** Extracted material follows **

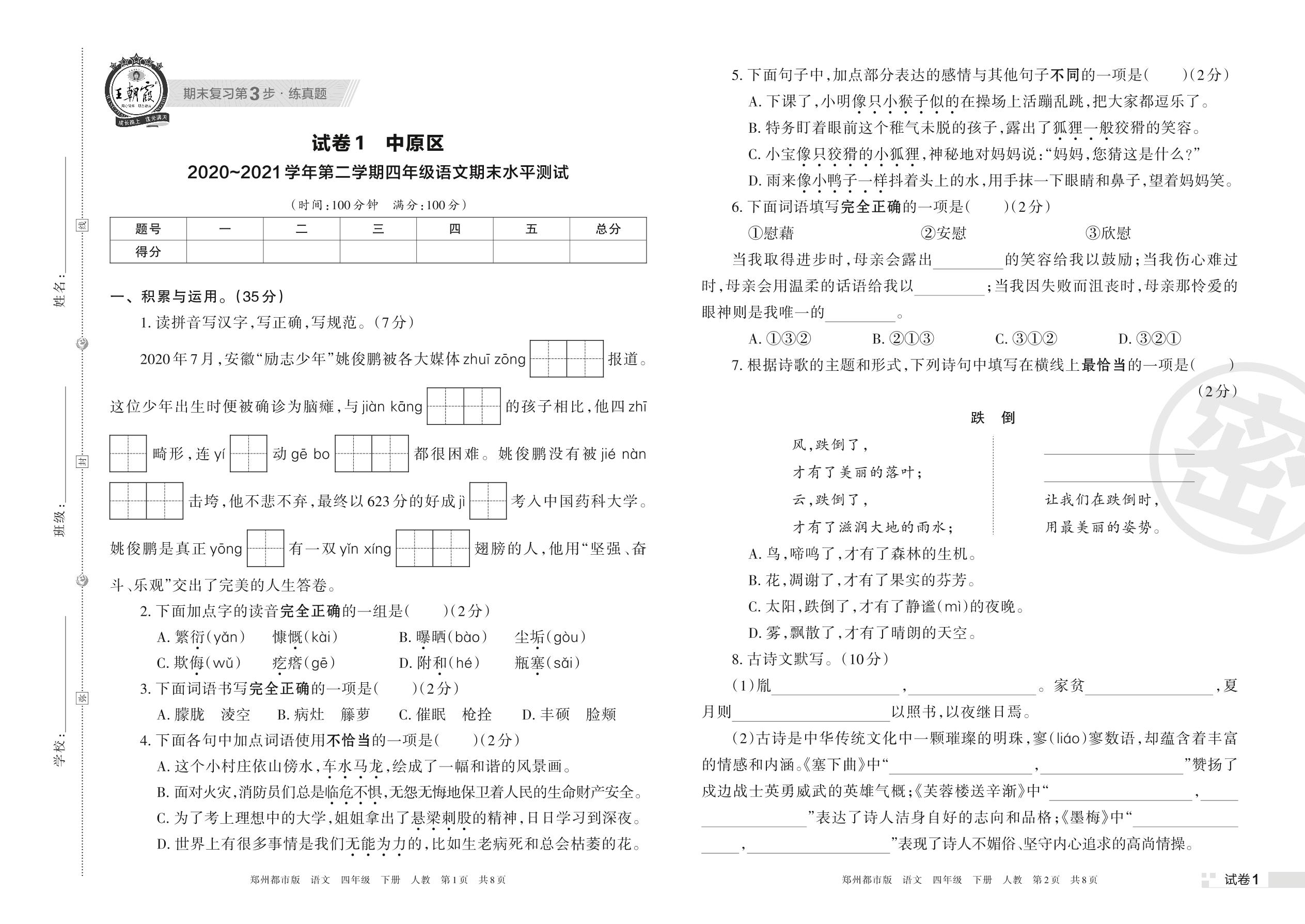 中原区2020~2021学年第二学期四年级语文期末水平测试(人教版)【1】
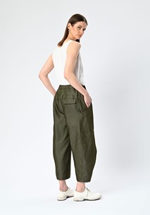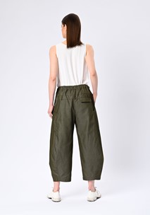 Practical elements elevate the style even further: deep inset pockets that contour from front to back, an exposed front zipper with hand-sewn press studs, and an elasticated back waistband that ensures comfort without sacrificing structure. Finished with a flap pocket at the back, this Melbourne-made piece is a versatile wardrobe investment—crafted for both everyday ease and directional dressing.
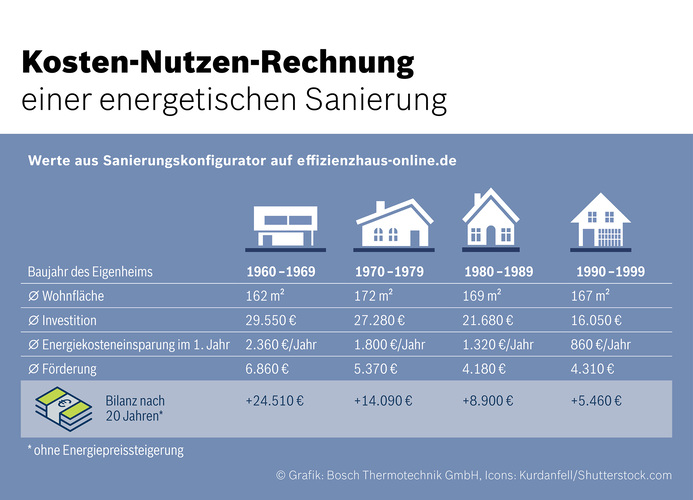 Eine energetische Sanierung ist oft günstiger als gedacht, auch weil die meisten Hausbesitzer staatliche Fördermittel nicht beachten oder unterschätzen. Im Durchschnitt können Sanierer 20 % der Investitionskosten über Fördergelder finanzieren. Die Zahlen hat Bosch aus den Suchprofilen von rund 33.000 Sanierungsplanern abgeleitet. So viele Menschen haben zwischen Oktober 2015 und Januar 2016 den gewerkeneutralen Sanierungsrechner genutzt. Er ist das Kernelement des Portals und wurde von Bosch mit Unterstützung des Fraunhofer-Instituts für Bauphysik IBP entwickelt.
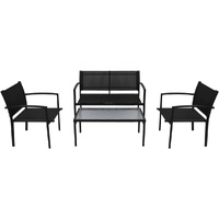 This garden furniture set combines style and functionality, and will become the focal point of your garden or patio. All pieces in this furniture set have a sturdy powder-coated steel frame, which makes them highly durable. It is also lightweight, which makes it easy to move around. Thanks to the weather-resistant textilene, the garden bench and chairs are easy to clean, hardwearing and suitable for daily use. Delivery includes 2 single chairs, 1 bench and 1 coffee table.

** End of Extracted material **
** Extracted material follows **

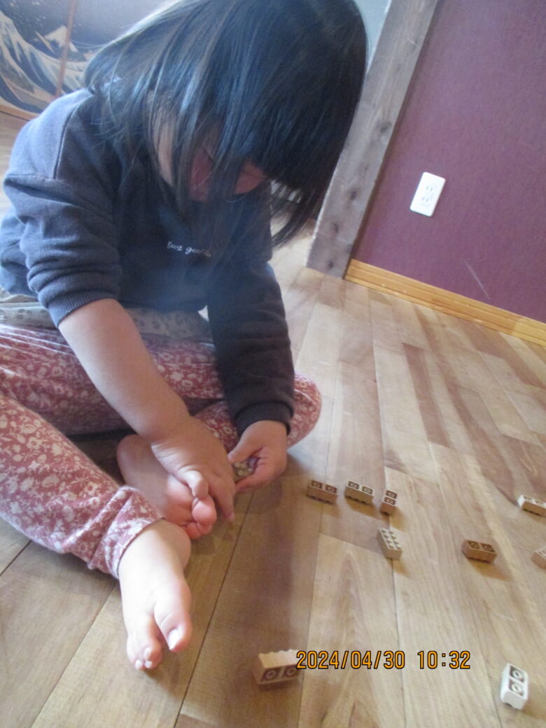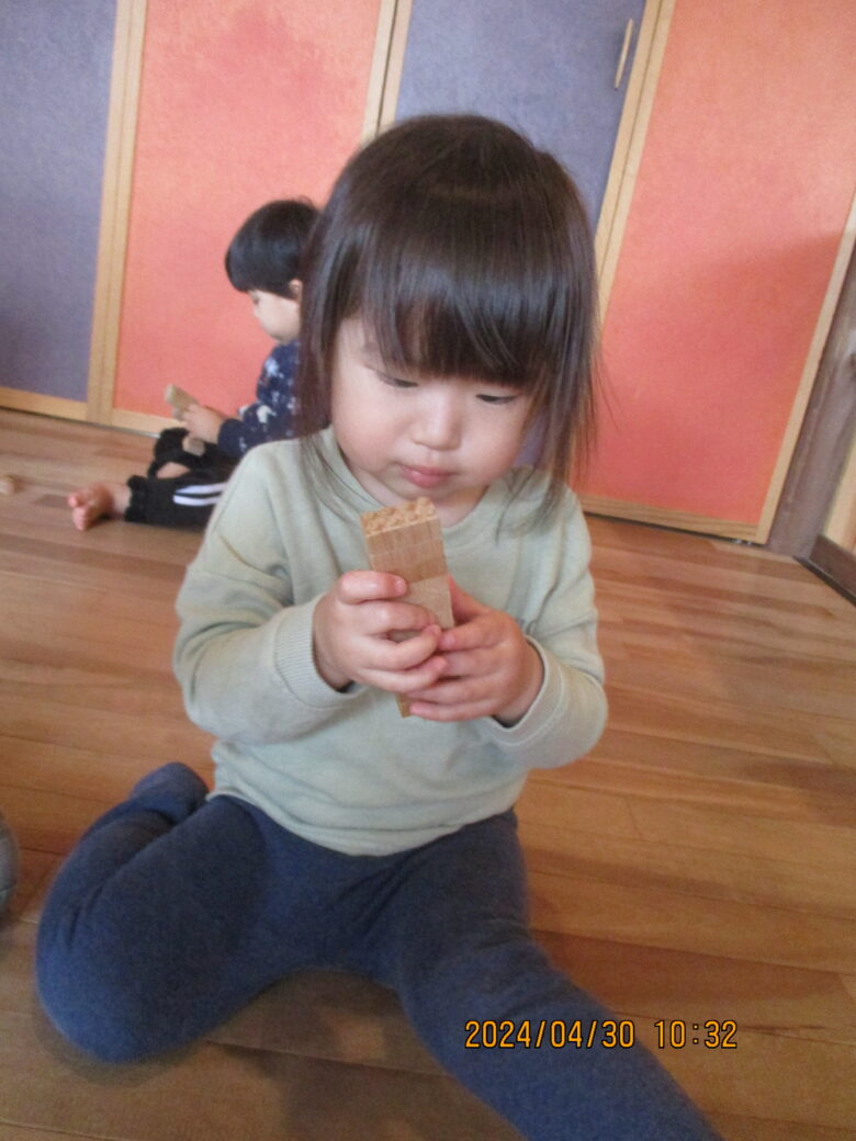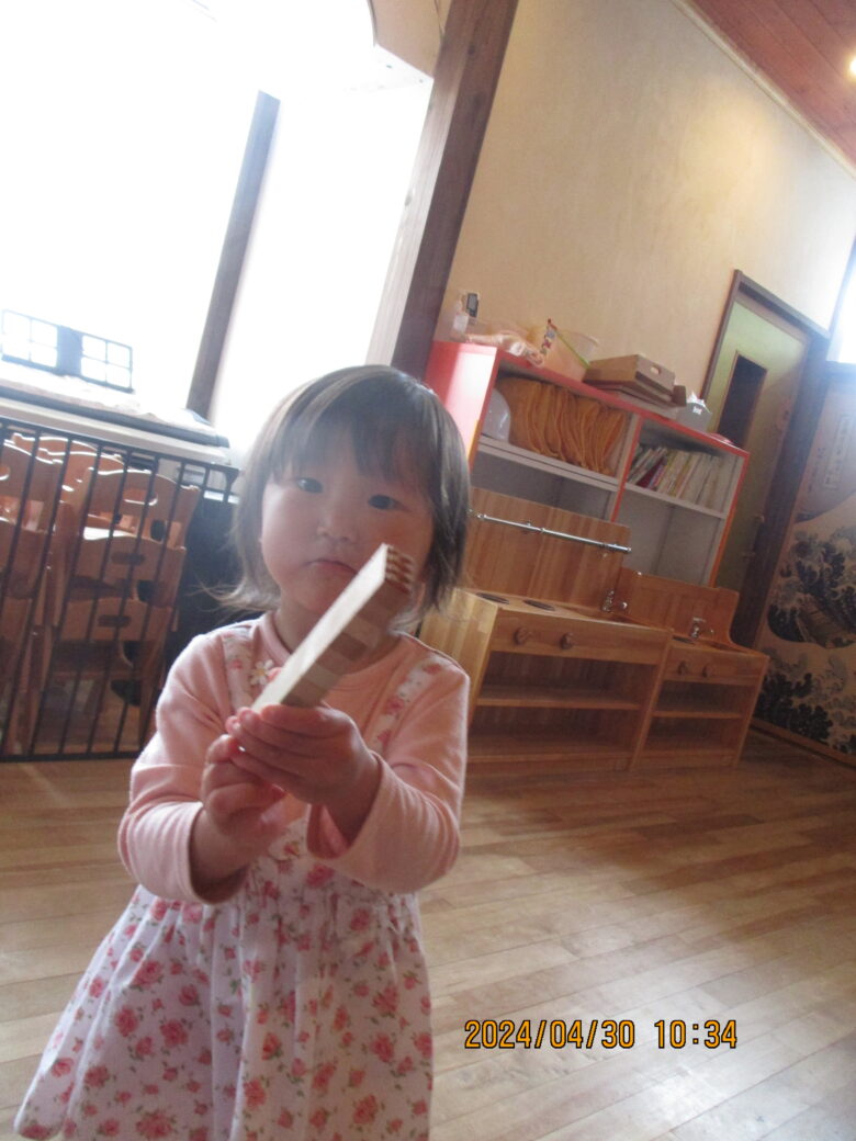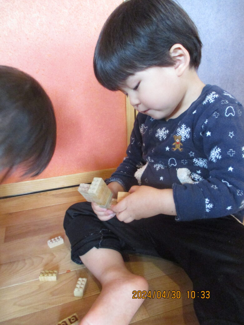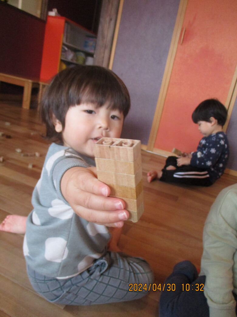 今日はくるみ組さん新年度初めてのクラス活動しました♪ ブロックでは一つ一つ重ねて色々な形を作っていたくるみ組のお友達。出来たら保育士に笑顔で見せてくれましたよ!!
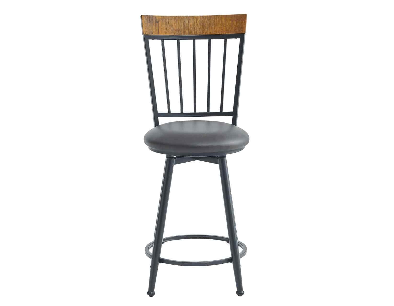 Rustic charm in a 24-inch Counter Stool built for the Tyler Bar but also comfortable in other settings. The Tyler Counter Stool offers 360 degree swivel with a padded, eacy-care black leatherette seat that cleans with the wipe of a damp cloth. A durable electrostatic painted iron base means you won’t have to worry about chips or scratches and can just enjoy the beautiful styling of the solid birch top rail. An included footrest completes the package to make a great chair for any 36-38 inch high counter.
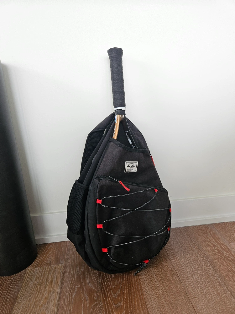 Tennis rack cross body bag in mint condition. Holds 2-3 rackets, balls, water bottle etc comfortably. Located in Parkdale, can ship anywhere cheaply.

** End of Extracted material **

Work task:
Reproduce word for word, with pictures dropped, only the part of the material above that opens with the line containing "今日はくるみ組さん新年度初め" and closes with the line containing "Tennis rack cross".

Reply to the exercise:
 今日はくるみ組さん新年度初めてのクラス活動しました♪ ブロックでは一つ一つ重ねて色々な形を作っていたくるみ組のお友達。出来たら保育士に笑顔で見せてくれましたよ!!
 Rustic charm in a 24-inch Counter Stool built for the Tyler Bar but also comfortable in other settings. The Tyler Counter Stool offers 360 degree swivel with a padded, eacy-care black leatherette seat that cleans with the wipe of a damp cloth. A durable electrostatic painted iron base means you won’t have to worry about chips or scratches and can just enjoy the beautiful styling of the solid birch top rail. An included footrest completes the package to make a great chair for any 36-38 inch high counter.
 Tennis rack cross body bag in mint condition. Holds 2-3 rackets, balls, water bottle etc comfortably. Located in Parkdale, can ship anywhere cheaply.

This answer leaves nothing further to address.